L’histoire d’abord. Les programmes d’histoire datent de 2008 mais vont s’appliquer en quatrième à la rentrée prochaine. Ils sont présentés dans le sabir inimitable de pédagos à la Meirieu, décervelés par des années d’IUFM : « démarches », « capacités », « objectifs », « repères ». Un bref extrait de l’arrêté ministériel pour en apprécier le style :
« à côté de la rubrique définissant les connaissances, la rubrique démarches précise des entrées dans le thème ou des études de cas qui permettent d’éviter l’exhaustivité en se fixant sur des objets précis, afin de faire acquérir aux élèves les connaissances et les capacités qui constituent les objectifs à atteindre. Une rubrique spécifique précise ces capacités. La connaissance et l’utilisation de repères y tiennent une place importante : il ne s’agit pas seulement de connaître des repères mais de leur donner un sens et de savoir les inscrire dans un contexte essentiel à leur compréhension. C’est ainsi que l’on en fera le support d’un véritable apprentissage et non un simple exercice de restitution. Par ailleurs les capacités «raconter » et « décrire » sont de nature à valoriser la qualité de l’expression écrite et orale des élèves.[1. Il faut dire que le Directeur général de l’enseignement scolaire qui a signé cette circulaire, Jean-Louis Nembrini, avait déjà commis en 2006 le très pataphysique et européen « socle commun de connaissances », également jargonnant : « Penser le socle en termes de compétences. Pour le Haut Conseil, il faut mettre l’accent sur la capacité des élèves à mobiliser leurs acquis dans des tâches et des situations complexes, à l’Ecole et dans la vie : le socle doit donc être pensé en termes de compétences. La notion de compétences figure déjà dans nos instructions officielles, en particulier pour l’enseignement des langues vivantes étrangères et le Brevet informatique et internet. Cette approche, qui se généralise parmi les pays développés, a été adoptée dans le projet de « cadre de référence européen » des huit « compétences-clés pour l’éducation et l’apprentissage tout au long de la vie », qui doit être prochainement soumis au Parlement européen et au Conseil de l’Union européenne »] ».

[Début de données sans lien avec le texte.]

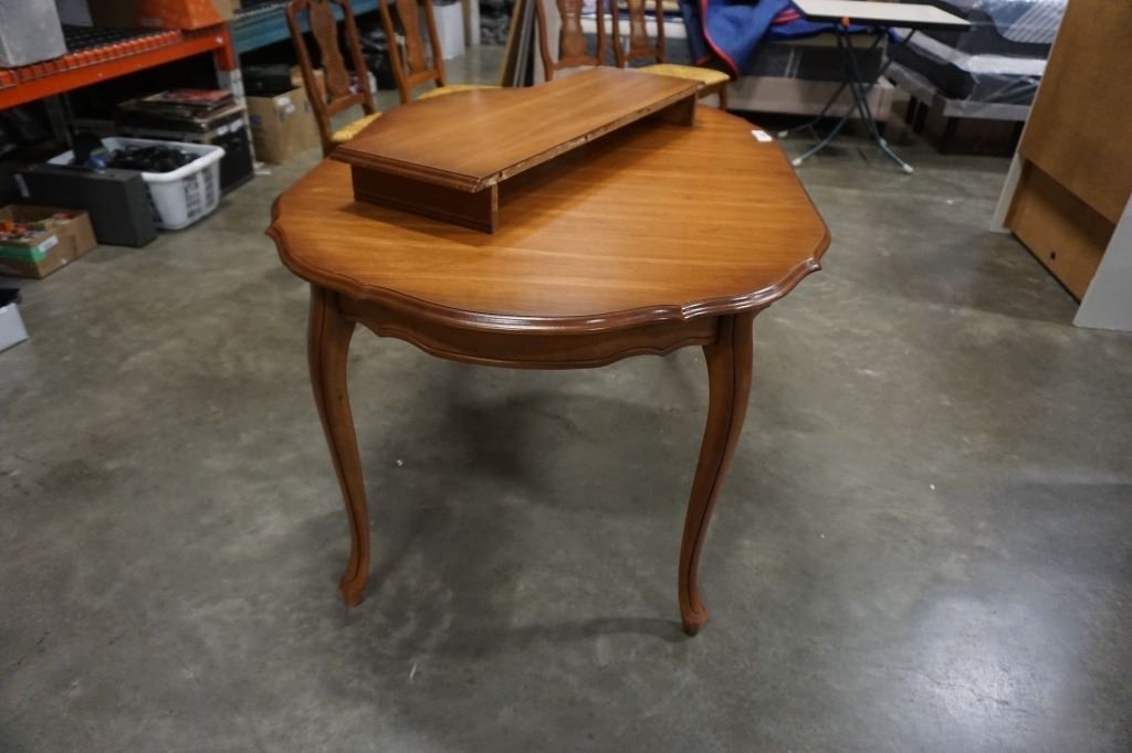 FRENCH PROVINCIAL DINING TABLE WITH LEAF AND 6 CHAIRS

La maîtrise de ce charabia constitue désormais l’essentiel des « capacités » exigées des nouveaux enseignants.
Ce que l’on comprend très bien en revanche à la lecture de ces programmes est qu’il n’y aura plus de chronologie, mais des thèmes au choix à étudier, dans le plus grand désordre. Quasiment plus de Moyen-âge, plus de Clovis, plus de Saint Louis. Plus de Louis XIV, mais un thème très général sur « l’absolutisme ». Louis XV a totalement disparu. Plus de possibilité d’étudier l’affreux Napoléon bien sûr ; mais pas même l’Empire qui devient facultatif et ne peut être traité qu’autour des notions de « guerre » ou de « religions ». Et le Code Napoléon ? Plus d’étude chronologique et approfondie de l’histoire de la Révolution française, comme cela est très clairement précisé, sous le titre « démarches » : « On renonce à un récit continu des événements de la Révolution et de l’Empire ; l’étude se concentre sur un petit nombre d’événements et de grandes figures à l’aide d’images au choix pour mettre en mettre en évidence les ruptures avec l’ordre ancien ». Mais en revanche un « thème » entier et obligatoire portera sur les traites négrières, chapitre dont on peut imaginer avec quelle subtilité il sera traité, quand on sait comment a été accueilli par nos pédagogues le grand livre de l’historien Olivier Pétré-Grenouilleau sur le sujet.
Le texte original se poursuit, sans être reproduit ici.